[Start of section]
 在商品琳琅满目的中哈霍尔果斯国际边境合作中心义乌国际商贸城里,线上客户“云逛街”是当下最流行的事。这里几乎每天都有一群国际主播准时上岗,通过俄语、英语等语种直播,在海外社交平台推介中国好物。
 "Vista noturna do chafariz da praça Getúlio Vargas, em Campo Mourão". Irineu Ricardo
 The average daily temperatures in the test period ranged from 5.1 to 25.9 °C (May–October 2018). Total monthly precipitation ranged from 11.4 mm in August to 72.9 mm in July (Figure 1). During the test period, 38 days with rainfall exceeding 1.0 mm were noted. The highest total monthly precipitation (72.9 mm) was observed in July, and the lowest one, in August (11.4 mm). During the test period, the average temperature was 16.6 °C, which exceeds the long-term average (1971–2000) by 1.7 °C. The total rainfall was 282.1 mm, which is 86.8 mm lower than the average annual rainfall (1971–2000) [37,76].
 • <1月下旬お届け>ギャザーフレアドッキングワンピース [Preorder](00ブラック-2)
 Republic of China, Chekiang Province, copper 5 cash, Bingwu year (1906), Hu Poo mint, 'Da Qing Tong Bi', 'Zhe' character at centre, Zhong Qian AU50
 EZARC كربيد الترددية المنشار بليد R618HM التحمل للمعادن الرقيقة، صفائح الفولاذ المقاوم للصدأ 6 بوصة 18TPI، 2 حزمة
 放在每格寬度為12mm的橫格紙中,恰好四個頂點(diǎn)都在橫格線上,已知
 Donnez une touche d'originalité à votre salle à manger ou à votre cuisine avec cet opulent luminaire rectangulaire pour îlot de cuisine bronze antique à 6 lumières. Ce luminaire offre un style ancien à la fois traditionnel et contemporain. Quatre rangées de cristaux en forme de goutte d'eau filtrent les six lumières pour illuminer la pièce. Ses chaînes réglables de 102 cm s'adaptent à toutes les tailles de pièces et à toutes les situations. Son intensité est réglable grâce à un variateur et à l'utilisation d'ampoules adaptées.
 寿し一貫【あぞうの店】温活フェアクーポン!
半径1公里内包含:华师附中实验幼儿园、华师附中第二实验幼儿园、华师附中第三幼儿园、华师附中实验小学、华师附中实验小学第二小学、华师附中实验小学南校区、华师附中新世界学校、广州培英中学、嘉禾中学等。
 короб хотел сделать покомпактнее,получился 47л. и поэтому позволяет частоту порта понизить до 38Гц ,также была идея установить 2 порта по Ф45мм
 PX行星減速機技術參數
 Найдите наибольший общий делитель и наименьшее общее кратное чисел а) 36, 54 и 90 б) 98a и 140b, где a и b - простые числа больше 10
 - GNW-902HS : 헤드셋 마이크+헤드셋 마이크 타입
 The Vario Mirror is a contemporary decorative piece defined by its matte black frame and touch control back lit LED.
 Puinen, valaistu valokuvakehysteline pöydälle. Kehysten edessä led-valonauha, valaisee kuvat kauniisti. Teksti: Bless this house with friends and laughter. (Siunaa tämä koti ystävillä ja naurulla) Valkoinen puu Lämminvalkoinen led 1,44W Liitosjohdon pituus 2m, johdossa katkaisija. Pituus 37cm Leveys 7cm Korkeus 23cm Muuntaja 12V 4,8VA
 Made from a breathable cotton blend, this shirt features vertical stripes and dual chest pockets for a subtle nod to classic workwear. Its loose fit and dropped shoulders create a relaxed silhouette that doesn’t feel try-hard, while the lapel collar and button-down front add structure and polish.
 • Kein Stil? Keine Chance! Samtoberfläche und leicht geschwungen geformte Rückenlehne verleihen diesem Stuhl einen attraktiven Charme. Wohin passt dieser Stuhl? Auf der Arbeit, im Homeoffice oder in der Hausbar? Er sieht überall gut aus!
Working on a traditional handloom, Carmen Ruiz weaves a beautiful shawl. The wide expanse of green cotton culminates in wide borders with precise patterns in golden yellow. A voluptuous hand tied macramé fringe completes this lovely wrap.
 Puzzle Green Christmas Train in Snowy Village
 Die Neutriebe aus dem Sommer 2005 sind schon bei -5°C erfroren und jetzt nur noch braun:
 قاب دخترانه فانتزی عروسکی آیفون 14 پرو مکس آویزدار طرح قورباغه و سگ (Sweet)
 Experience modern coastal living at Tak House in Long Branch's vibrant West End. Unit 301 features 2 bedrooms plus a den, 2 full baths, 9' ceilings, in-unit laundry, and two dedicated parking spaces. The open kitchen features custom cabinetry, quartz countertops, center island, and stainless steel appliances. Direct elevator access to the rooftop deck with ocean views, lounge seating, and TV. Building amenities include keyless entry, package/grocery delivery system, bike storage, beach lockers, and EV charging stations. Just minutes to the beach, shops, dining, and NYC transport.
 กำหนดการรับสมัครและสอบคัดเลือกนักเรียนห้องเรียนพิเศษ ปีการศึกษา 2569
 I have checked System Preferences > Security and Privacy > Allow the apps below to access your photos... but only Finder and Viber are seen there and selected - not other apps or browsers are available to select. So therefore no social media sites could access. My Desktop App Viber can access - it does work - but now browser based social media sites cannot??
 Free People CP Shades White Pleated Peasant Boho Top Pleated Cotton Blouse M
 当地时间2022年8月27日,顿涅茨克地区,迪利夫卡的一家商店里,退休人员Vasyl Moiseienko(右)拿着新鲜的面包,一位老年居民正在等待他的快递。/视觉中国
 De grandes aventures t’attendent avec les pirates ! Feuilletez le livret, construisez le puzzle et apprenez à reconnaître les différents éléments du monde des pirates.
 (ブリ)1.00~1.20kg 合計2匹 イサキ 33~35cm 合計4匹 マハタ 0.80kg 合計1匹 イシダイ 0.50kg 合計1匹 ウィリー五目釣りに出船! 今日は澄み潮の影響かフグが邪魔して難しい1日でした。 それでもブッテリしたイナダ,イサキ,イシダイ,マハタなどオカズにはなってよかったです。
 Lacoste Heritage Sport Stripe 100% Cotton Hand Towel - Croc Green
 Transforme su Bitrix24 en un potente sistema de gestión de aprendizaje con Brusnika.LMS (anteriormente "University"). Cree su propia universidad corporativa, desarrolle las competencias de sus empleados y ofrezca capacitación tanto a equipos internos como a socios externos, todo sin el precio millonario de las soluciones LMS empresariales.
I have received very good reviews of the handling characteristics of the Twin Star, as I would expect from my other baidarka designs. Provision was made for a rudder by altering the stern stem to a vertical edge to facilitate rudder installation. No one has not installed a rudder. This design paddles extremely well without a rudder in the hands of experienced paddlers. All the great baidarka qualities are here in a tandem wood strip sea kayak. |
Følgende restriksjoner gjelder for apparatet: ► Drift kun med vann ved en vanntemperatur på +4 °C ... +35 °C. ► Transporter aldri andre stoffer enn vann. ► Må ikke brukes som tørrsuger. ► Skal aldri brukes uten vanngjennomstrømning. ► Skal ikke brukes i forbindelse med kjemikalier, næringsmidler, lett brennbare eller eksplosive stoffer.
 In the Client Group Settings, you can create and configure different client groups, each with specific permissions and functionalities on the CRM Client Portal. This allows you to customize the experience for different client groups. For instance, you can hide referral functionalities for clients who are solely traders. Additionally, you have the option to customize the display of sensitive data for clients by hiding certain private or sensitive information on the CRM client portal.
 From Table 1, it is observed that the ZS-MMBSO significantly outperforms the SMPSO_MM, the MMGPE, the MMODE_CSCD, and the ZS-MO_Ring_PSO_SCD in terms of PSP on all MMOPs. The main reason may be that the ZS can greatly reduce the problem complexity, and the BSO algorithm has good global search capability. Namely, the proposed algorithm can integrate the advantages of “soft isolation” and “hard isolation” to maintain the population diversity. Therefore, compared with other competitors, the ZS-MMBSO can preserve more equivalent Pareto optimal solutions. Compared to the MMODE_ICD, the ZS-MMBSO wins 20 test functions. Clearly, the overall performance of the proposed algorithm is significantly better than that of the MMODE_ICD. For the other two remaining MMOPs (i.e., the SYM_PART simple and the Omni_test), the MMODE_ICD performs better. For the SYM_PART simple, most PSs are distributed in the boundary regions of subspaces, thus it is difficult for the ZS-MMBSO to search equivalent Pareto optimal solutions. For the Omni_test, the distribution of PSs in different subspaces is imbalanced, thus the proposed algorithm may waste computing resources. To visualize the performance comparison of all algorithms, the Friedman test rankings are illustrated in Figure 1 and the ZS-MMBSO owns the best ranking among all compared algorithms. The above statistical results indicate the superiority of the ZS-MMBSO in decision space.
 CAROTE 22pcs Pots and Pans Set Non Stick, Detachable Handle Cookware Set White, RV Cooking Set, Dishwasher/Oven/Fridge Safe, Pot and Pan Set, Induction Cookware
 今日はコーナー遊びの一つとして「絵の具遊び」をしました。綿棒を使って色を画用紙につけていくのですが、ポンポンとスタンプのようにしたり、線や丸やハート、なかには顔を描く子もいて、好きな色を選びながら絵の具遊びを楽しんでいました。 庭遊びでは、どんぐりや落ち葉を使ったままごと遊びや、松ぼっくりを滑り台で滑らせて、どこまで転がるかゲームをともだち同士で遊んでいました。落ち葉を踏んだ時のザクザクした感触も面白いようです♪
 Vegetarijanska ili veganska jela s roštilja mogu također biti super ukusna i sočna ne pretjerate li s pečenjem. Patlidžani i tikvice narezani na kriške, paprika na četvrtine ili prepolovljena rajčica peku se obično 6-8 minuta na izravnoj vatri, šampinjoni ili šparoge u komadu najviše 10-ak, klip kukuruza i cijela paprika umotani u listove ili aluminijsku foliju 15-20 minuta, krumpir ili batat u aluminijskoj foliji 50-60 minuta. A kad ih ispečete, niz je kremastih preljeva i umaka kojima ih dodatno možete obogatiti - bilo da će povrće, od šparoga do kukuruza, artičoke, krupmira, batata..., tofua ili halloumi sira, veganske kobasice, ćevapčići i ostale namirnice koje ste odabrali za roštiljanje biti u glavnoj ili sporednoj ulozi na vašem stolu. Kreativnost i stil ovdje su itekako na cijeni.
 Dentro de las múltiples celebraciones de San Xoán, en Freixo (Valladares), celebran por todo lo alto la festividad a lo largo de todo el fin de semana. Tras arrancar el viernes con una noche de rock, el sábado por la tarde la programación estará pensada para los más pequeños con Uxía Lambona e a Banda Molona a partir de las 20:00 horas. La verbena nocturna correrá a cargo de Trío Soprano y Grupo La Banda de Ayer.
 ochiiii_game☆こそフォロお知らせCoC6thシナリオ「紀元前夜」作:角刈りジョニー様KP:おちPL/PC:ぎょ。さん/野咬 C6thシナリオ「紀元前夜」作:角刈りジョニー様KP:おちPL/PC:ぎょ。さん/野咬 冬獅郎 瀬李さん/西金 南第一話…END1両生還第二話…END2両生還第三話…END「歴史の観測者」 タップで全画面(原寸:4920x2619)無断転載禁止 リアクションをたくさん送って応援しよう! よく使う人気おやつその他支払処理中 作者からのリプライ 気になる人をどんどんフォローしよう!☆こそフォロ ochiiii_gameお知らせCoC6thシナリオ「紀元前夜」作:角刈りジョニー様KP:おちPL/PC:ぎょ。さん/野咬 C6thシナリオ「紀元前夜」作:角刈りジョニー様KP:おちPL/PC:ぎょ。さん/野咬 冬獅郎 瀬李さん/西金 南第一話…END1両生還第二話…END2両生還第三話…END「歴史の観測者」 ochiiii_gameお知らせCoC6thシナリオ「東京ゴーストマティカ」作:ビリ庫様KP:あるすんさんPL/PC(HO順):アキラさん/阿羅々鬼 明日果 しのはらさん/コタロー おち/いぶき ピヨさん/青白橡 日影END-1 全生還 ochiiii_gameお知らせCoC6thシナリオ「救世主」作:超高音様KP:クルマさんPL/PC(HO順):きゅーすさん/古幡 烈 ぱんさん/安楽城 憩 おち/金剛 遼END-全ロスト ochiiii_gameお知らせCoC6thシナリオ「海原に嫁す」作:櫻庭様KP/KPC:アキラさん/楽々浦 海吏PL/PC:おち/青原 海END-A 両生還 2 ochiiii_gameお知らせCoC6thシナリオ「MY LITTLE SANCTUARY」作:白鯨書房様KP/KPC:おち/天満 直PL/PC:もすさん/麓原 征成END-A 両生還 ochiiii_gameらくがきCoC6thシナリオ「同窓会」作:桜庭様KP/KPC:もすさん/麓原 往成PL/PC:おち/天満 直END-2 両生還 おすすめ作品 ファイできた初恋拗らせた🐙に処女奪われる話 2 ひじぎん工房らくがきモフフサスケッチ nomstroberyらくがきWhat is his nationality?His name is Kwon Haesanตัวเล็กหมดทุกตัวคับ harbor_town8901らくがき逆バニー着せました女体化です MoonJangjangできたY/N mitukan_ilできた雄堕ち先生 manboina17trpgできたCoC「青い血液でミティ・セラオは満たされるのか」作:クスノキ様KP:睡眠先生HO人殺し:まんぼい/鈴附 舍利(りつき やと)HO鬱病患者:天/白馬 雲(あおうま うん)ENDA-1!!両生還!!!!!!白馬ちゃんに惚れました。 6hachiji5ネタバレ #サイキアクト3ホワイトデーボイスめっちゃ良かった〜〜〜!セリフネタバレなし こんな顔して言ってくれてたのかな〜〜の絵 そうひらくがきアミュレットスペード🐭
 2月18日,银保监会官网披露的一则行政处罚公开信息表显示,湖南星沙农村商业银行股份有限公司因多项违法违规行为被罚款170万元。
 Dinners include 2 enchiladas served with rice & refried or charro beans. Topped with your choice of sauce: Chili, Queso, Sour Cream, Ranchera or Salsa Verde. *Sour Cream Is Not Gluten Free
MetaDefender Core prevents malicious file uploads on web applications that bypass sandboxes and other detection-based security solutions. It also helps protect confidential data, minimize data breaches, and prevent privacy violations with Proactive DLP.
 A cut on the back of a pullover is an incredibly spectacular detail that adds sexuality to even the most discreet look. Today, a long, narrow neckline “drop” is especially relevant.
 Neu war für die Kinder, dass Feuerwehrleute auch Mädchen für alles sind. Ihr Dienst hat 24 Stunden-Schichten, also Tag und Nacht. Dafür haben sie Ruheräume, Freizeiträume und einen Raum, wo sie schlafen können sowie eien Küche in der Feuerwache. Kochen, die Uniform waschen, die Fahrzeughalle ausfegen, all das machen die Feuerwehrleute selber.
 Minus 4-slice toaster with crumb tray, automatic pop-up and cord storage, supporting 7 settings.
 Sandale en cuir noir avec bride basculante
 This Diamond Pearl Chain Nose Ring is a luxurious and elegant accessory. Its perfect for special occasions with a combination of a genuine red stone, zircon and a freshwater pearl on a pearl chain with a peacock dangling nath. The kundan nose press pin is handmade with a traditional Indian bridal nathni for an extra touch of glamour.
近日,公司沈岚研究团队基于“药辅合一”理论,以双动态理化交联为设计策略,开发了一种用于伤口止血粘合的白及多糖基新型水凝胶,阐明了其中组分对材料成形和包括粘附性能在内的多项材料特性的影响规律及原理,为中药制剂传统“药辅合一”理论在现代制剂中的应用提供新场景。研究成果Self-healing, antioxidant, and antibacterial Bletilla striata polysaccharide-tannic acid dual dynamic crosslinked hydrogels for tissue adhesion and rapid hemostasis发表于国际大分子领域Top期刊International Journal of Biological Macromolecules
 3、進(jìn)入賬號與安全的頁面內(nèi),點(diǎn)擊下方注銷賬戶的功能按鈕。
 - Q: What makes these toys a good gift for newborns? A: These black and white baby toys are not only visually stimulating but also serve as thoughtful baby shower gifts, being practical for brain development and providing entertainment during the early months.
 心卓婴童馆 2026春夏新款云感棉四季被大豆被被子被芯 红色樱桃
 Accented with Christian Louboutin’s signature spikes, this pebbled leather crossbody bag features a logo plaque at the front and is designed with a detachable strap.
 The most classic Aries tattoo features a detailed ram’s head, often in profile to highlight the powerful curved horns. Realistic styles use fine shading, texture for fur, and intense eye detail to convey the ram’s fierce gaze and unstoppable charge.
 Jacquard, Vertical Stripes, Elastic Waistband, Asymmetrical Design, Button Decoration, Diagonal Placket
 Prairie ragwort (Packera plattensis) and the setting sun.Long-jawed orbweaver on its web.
[End of section]
### Task goal
Give back exactly what runs from the first line of the listing above to the line that contains "放在每格寬度為12mm的橫格紙中,恰好四個頂點(diǎn)都在橫格線上,已知", keeping both end lines.

### Solution below
 在商品琳琅满目的中哈霍尔果斯国际边境合作中心义乌国际商贸城里,线上客户“云逛街”是当下最流行的事。这里几乎每天都有一群国际主播准时上岗,通过俄语、英语等语种直播,在海外社交平台推介中国好物。
 "Vista noturna do chafariz da praça Getúlio Vargas, em Campo Mourão". Irineu Ricardo
 The average daily temperatures in the test period ranged from 5.1 to 25.9 °C (May–October 2018). Total monthly precipitation ranged from 11.4 mm in August to 72.9 mm in July (Figure 1). During the test period, 38 days with rainfall exceeding 1.0 mm were noted. The highest total monthly precipitation (72.9 mm) was observed in July, and the lowest one, in August (11.4 mm). During the test period, the average temperature was 16.6 °C, which exceeds the long-term average (1971–2000) by 1.7 °C. The total rainfall was 282.1 mm, which is 86.8 mm lower than the average annual rainfall (1971–2000) [37,76].
 • <1月下旬お届け>ギャザーフレアドッキングワンピース [Preorder](00ブラック-2)
 Republic of China, Chekiang Province, copper 5 cash, Bingwu year (1906), Hu Poo mint, 'Da Qing Tong Bi', 'Zhe' character at centre, Zhong Qian AU50
 EZARC كربيد الترددية المنشار بليد R618HM التحمل للمعادن الرقيقة، صفائح الفولاذ المقاوم للصدأ 6 بوصة 18TPI، 2 حزمة
 放在每格寬度為12mm的橫格紙中,恰好四個頂點(diǎn)都在橫格線上,已知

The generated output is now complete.